A su alrededor se oían los ruidos humildes y desasosegados de una ciudad nocturna que rebosaba gente a causa de los varios cientos de miles de personas de más que albergaba. El repique de un martillo clavando una estaca en el suelo. El crepitar de miles de pequeños fuegos que escupían miles de pequeñas chispas y calentaban miles de teteras o latas llenas de agua para el té. Un millar de conversaciones silenciosas. Li Bing se marchaba de la ciudad. Li Ang recordó las palabras de su hermano. Había dicho que Hsiao era un matón, otro Sun Chuan-fang. «Tú siempre fuiste más fuerte… nunca tuviste que quedarte mirando… ¿Te acuerdas de aquel chico del barrio, en Hangzhou, al poco de mudarnos, que se llamaba Chang?»
Volvió a recordar aquella cara cuadrada y paliducha, aquellos ojos despiadados. La pelea había tenido lugar tal vez un año después de la muerte de sus padres. Acababan de mandarlos a Hangzhou, a vivir a casa de su tío. Hangzhou estaba a la sazón bajo control del caudillo Sun Chuan-fang, y los matones del barrio lo imitaban.
La tarde de la pelea Chang se presentó con otros dos muchachos. Li Ang se acordaba de la voz asustada de su hermano gritando desde el desván de su tío. «¡Corre, Gege !» Pero Li Ang se enfrentó a los tres. Li Bing bajó a echarle una mano. Naturalmente, no sirvió de nada: mientras chillaba como un condenado, uno de los grandullones lo tenía sujeto de los raquíticos bracitos.

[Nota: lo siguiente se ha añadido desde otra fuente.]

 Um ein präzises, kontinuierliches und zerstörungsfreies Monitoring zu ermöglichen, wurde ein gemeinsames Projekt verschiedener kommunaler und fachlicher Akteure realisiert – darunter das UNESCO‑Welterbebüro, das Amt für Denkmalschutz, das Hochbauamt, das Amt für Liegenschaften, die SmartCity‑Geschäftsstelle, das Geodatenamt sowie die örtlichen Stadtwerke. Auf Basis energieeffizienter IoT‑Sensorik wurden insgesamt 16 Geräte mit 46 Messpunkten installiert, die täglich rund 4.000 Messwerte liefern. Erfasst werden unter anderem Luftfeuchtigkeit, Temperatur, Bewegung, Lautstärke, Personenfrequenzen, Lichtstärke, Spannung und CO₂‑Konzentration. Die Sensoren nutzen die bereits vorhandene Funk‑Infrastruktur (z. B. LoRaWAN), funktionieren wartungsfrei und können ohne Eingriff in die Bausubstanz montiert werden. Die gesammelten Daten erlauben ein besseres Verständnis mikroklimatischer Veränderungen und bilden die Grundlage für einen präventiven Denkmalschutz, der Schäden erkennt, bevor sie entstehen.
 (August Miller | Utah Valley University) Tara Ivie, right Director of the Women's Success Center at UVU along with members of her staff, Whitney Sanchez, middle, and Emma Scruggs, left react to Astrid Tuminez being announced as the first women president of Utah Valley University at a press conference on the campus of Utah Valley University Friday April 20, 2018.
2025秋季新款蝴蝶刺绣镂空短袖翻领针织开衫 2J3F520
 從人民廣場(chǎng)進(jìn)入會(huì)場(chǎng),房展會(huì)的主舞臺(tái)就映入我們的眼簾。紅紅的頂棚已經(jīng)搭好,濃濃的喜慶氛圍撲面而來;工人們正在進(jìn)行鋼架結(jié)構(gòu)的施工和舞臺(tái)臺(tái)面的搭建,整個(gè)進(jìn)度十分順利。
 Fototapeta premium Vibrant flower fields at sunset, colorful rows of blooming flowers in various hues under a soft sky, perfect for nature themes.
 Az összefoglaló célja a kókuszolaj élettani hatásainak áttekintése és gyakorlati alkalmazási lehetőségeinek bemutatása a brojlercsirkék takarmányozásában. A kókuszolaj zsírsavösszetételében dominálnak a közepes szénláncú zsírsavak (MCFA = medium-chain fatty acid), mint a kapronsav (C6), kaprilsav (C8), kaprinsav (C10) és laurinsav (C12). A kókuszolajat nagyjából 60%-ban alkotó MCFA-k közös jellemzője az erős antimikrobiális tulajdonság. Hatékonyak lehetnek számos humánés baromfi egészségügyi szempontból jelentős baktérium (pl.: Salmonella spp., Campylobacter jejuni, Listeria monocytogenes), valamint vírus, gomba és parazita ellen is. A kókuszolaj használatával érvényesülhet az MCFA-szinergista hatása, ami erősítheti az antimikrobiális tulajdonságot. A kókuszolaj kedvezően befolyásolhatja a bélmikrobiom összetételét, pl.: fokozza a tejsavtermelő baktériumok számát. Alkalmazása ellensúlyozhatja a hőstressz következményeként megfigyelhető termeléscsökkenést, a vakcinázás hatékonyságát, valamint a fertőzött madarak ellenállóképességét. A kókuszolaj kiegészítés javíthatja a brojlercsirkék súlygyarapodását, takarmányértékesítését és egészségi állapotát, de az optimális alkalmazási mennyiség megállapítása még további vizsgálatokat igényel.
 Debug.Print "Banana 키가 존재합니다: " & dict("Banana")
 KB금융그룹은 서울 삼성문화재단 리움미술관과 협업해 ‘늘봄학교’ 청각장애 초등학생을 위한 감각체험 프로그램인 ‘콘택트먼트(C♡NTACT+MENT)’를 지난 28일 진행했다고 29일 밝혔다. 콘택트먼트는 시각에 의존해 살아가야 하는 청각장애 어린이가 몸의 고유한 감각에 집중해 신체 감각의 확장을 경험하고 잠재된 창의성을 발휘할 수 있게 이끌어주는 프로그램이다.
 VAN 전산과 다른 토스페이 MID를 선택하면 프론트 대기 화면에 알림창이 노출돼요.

– ¡Ríndete! -lo conminaron con sus voces ásperas-. Ríndete.
Pero Li Ang no se rindió. Sabía que si aguantaba, se ganaría su respeto. Recordó la sensación extraña y distante cuando se magulló la mano, cuando la costilla se le partió en el pecho. Vio cómo su puño bueno se estrellaba contra la dura narizota de Chang. La brillante y triunfal efusión de sangre. El ruido de Chang resollando por la boca. Por último, la honorable liberación de su hermano. Li Bing tenía los ojos como dos puñaladas en un tomate y la cara churretosa de lágrimas y mocos.
– ¡Idiota! ¡Tenías que haber parado! -gritó-. ¡Podían haberte matado!

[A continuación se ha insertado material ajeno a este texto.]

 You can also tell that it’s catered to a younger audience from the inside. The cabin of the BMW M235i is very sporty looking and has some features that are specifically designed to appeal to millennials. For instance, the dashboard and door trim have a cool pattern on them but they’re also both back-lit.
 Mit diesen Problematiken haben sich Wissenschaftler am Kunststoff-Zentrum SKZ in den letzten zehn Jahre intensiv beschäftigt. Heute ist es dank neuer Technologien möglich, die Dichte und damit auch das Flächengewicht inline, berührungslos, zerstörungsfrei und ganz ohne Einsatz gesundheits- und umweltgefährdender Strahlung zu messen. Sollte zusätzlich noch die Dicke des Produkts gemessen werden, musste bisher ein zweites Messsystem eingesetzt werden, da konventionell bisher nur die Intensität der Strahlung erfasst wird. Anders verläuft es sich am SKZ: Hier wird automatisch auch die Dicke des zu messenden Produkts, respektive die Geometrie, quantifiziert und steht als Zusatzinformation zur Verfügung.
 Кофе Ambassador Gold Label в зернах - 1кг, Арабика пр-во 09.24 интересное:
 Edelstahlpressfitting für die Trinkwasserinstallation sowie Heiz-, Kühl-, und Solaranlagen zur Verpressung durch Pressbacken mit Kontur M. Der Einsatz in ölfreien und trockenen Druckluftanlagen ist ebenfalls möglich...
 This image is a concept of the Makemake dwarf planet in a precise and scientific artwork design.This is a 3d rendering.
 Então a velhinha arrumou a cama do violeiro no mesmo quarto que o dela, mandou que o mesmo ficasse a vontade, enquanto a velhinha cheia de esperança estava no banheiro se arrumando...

Li Ang no había pensado en cómo sería visto desde fuera. Ahora, el recuerdo de la voz chillona de Li Bing le vibró en los oídos.
Dobló por su calle, oscura y desierta. La luna proyectaba en la calzada la sombra lóbrega de su edificio. Se había pasado los últimos días elucubrando un futuro como miembro de la familia Hsiao. El poderoso general, su jefe, habría sido su suegro, y Hsiao Taitai su suegra; habría sido como tener una familia completamente nueva. El hecho de que le estuviesen dando gato por liebre, de que, en esencia, todo el mundo lo tomaría por un primo y un idiota, lo cambiaba todo. Pero ya se había acostumbrado a su fantasía. Sin ella, el mundo parecía menos flexible, menos grandioso, y su vida menos segura.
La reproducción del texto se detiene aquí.